* [WORK ORDER] Stop at the line that contains "Stay warm while". Until then, set down each line of the records exactly, beginning with the first, and skip pictures.

Data extracted from a collection
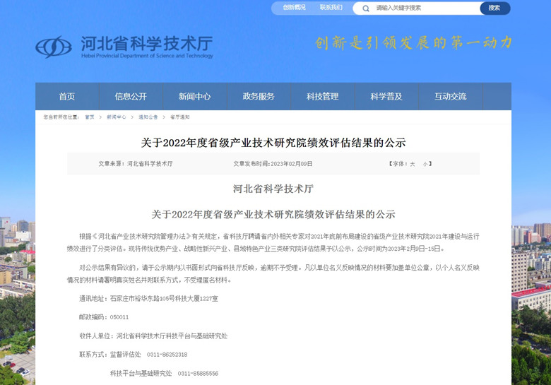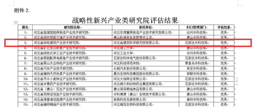 我公司建設(shè)運(yùn)行的“河北省綠色建筑產(chǎn)業(yè)技術(shù)研究院”榮獲省級產(chǎn)業(yè)技術(shù)研究院績效評估優(yōu)秀等次
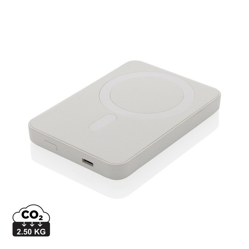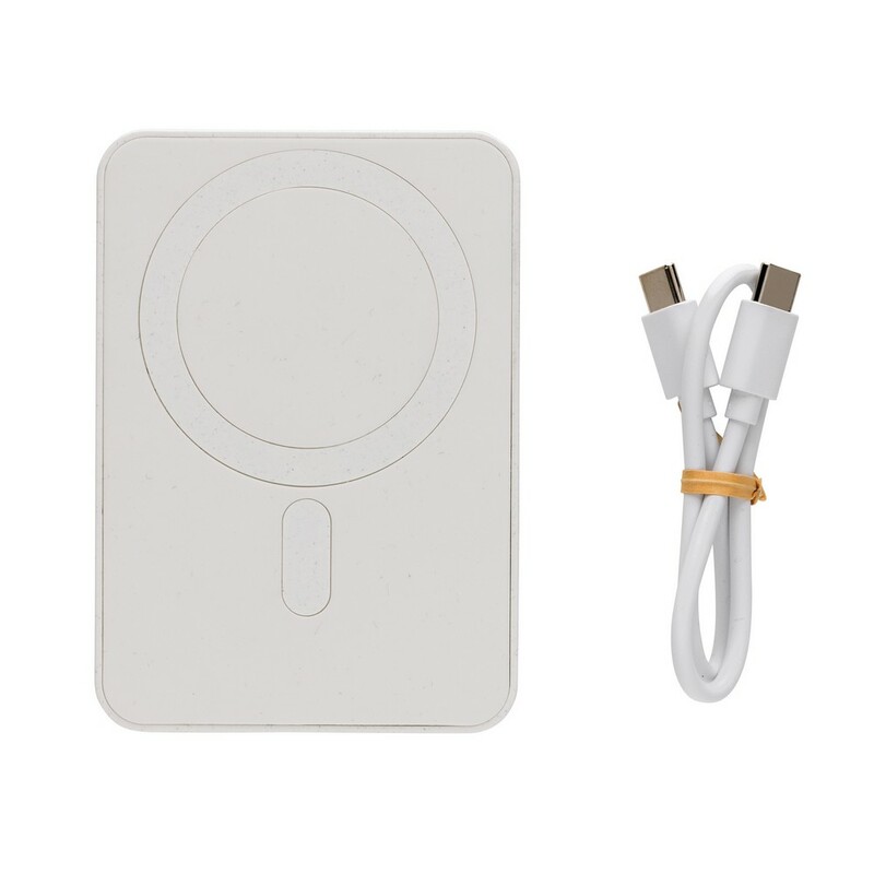 Power bank 5000 mAh, magnetyczna ładowarka bezprzewodowa 5W, wskaźniki poziomu naładowania, wykonany z ABS z recyklingu, całkowita zawartość materiałów z recyklingu obliczona na podstawie wagi całkowitej przedmiotu: 20%, wejście USB typu C 5V/2.4A, wyjście USB typu C 5V/2.4A, kabel w komplecie, w pudełku z certyfikatem FSC® mix, ślad węglowy produktu: 2,5 kg CO2
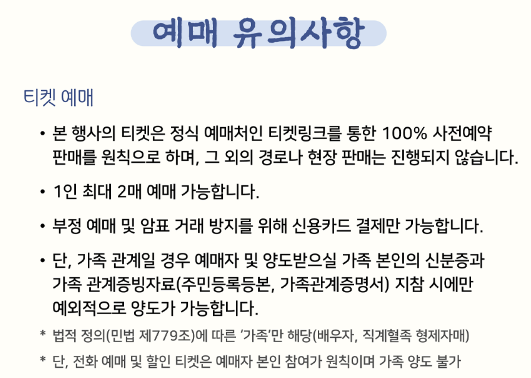 - 예매하신 본인 입장이 원칙이며, 타인 양도는 불가합니다.
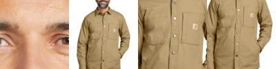 Stay warm while getting the range of motion you need in a shirt jac that's rugged enough for chores like chopping wood or repairing a broken fence post. 8.5-ounce, 98/2 cotton/spandex stretch canvas Printed fleece lining Rugged Flex ® technology for ease of movement Spread collar Metal snaps throughout Right chest pocket Left chest pocket with zipper closure Two large lower-front welt pockets Two snap-adjustable cuffs with extended plackets Carhartt label sewn on left chest pocket Relaxed fit
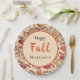 Happy Fall Holiday Autumn Leaves Red Berries Digital Art Paper Plate.

* [RESULT BELOW]
 我公司建設(shè)運(yùn)行的“河北省綠色建筑產(chǎn)業(yè)技術(shù)研究院”榮獲省級產(chǎn)業(yè)技術(shù)研究院績效評估優(yōu)秀等次
 Power bank 5000 mAh, magnetyczna ładowarka bezprzewodowa 5W, wskaźniki poziomu naładowania, wykonany z ABS z recyklingu, całkowita zawartość materiałów z recyklingu obliczona na podstawie wagi całkowitej przedmiotu: 20%, wejście USB typu C 5V/2.4A, wyjście USB typu C 5V/2.4A, kabel w komplecie, w pudełku z certyfikatem FSC® mix, ślad węglowy produktu: 2,5 kg CO2
 - 예매하신 본인 입장이 원칙이며, 타인 양도는 불가합니다.
 Stay warm while getting the range of motion you need in a shirt jac that's rugged enough for chores like chopping wood or repairing a broken fence post. 8.5-ounce, 98/2 cotton/spandex stretch canvas Printed fleece lining Rugged Flex ® technology for ease of movement Spread collar Metal snaps throughout Right chest pocket Left chest pocket with zipper closure Two large lower-front welt pockets Two snap-adjustable cuffs with extended plackets Carhartt label sewn on left chest pocket Relaxed fit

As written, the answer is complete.